Hypertriglyceridemia is a condition in which there is an excessive amount of triglyceride (&gt;500mg/dl) in the plasma. It may play a role in atherogenesis and the development of coronary heart disease [Vega and Grundy, Adv. Exp. Med. 243, 311 (1989)]. In addition, severe hypertriglyceridemia (&gt;1000mg/dl) is associated with chylomicronemia and causes acute pancreatitis [See K. Soergel, ACUTE PANCREATITIS, in Gastrointestinal Disease 91, 3rd ed. (Sleisenger, M. H., and Fordtran, J. S., eds.), W. B. Saunders Company, Philadelphia, Pa., 1983, pp. 1462-1485; and See Brown, M. S., and Goldstein, J. L., DRUGS USED IN THE TREATMENT OF HYPERLIPOPROTEINEMIAS, in Goodman and Gillman's, The Pharmacological Basis of Therapeutics 34, 7th edition, (Macmillan Publishing Co., New York, 1985, pp. 827-845]. Severe elevations in chylomicrons directly induce pancreatitis, and it can be prevented by triglyceride reduction [U.S. Department of Health and Human Services, NIH Publication No. 89-2925, pp. 74-77, January 1989, "Report of the Expert Panel on Detection, Evaluation and Treatment of High Blood Cholesterol in Adults"] It is therefore desirable to provide a method for reducing plasma triglycerides in patients with hypertriglyceridemia.

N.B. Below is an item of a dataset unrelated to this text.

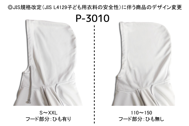 子ども用衣料の安全性に伴い子どもサイズにはフードのひもはありません。
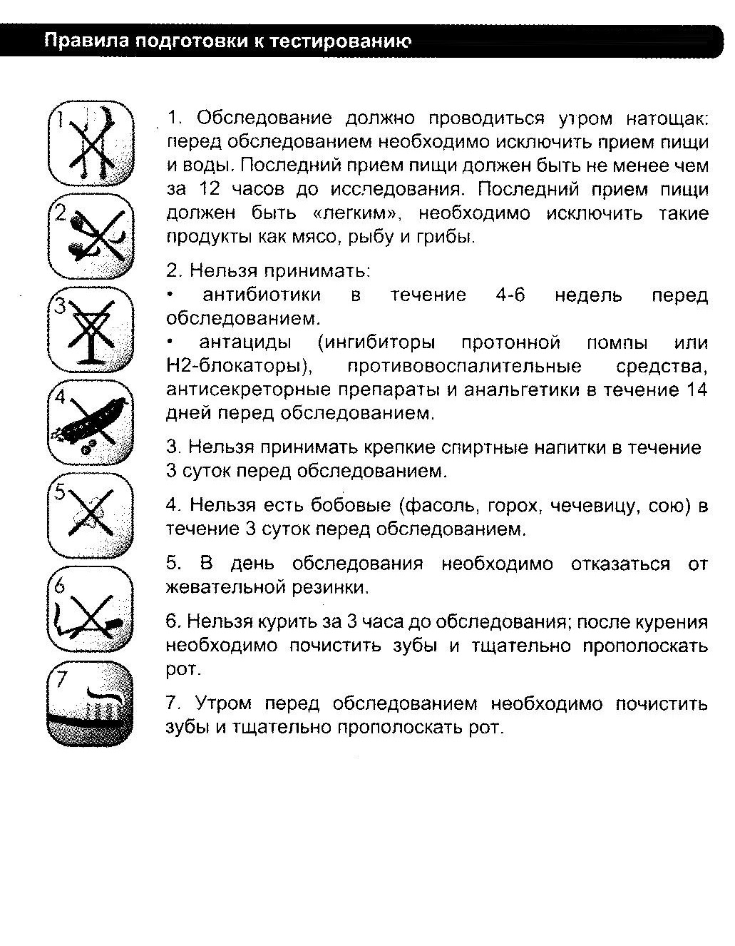 Правила подготовки к тестированию.

The present invention relates to the use of certain mercaptoacetylamide derivatives known to be useful for the inhibition of Enkephalinase (EC 3.4.24.1) and ACE (EC 3.4.15.1) [Flynn, Warshawsky, Mehdi, Bey, Beight, Giroux and Burkholder, European Patent Application, Publication Number 0 481 522 A1, published Apr. 22, 1992] in treating patients suffering from hypercholesterolemia and atherosclerosis or hypertriglyceridemia.